SOC Engineer Tier 1

Job Title: SOC Engineer, Tier 1

Location: Pakistan Remote

Position Overview:

As a SOC Engineer, Tier 1, you will be responsible for design, build, and optimize the overall architecture of the Security Operations Center (SOC) to ensure effective monitoring, detection, and response capabilities, as well as tuning security use cases and creating dashboards for monitoring and reporting. You will be responsible for developing strategies, frameworks, and security use cases, as well as aligning the SOC infrastructure with business needs and compliance requirements. responsible for monitoring, detecting, and responding to cybersecurity threats and incidents.

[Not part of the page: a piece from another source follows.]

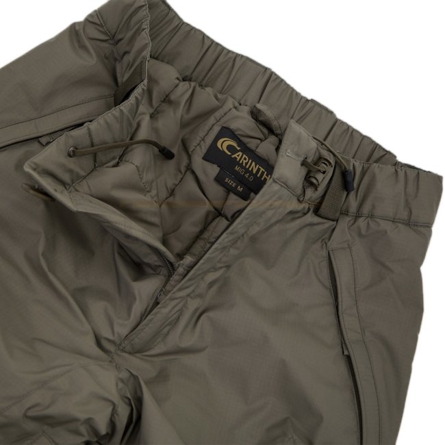 Carinthia MIG 4.0 Hose in Oliv, XL mit verstellbarem Bund, seitlichen Reißverschlüssen, 3D-Taschen, Belüftungsöffnungen, verstärkten Bereichen und einem Kompressionsbeutel. Isoliert mit G-LOFT® und bietet ein Gore Windstopper® Außenmaterial. Erhältlich in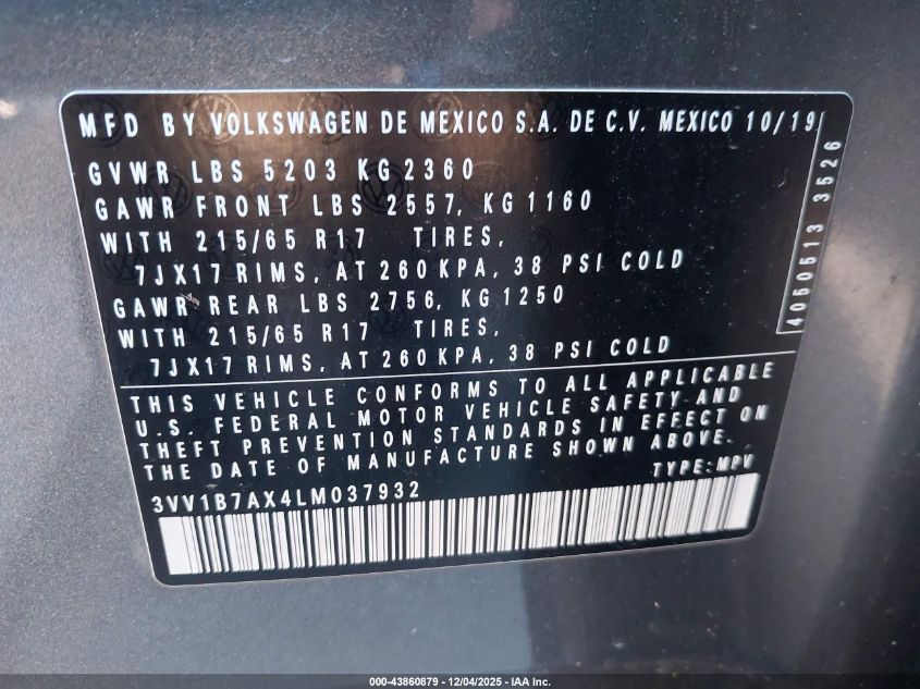 2020 VOLKSWAGEN TIGUAN 2020 року Бензин, 2.0, Передний привод, vin - 3VV1B7AX4LM037932 из США

You will work within the Security Operations Center (SOC) and collaborate with other team members to protect critical systems and data.

Key Responsibilities:

• Incident Monitoring & Detection (24x7)
• Incident Response
• SOC Architecture Design & Optimization
• Use Case Development & Tuning
• Playbook & Runbook Development
• Threat Intelligence & Vulnerability Management
• Dashboards & Reporting
• Collaboration: Work with internal and external stakeholders for incident escalation, resolution, and communication.

Technical Skills & Tools:

• Hands on experience with SIEM platforms (e.g., Splunk, IBM QRadar or similar)
• Hands on experience of network security monitoring tools and intrusion detection systems (IDS/IPS).
• Deep understanding of network protocols, IDS/IPS systems, logs, and packet analysis.
• Cisco XDR, CrowdStrike, Microsoft Defender, Expel and ServiceNow.
• Hands on experience in security analysis and malware analysis.
• Hands on experience with CISCO Secure Endpoint, Secure Cloud Analytics, Cisco CSW.
• Hands on experience with scripting for automation (Python, PowerShell, etc.)

Preferred Experience:
Candidates with experience in the following technologies and platforms will be preferred:

• CISCO CSW
• CISCO XDR
• CISCO Secure Endpoint
• CrowdStrike
• ServiceNow
• Microsoft Defender
• CISCO Secure Cloud Analytics
• Expel
• Tenable Vulnerability Manager

Required Certifications:

Preferred Certifications (not mandatory but advantageous):

• CISA (Certified Information Security Auditor)
• GCIH (GIAC Certified Incident Handler)
• eCIR (Certified Incident Responder)
• eCTHPv2 (Certified Threat Hunting Professional)
• OSDA (Offensive Security Defense Analyst)

ATSG is an equal opportunity employer.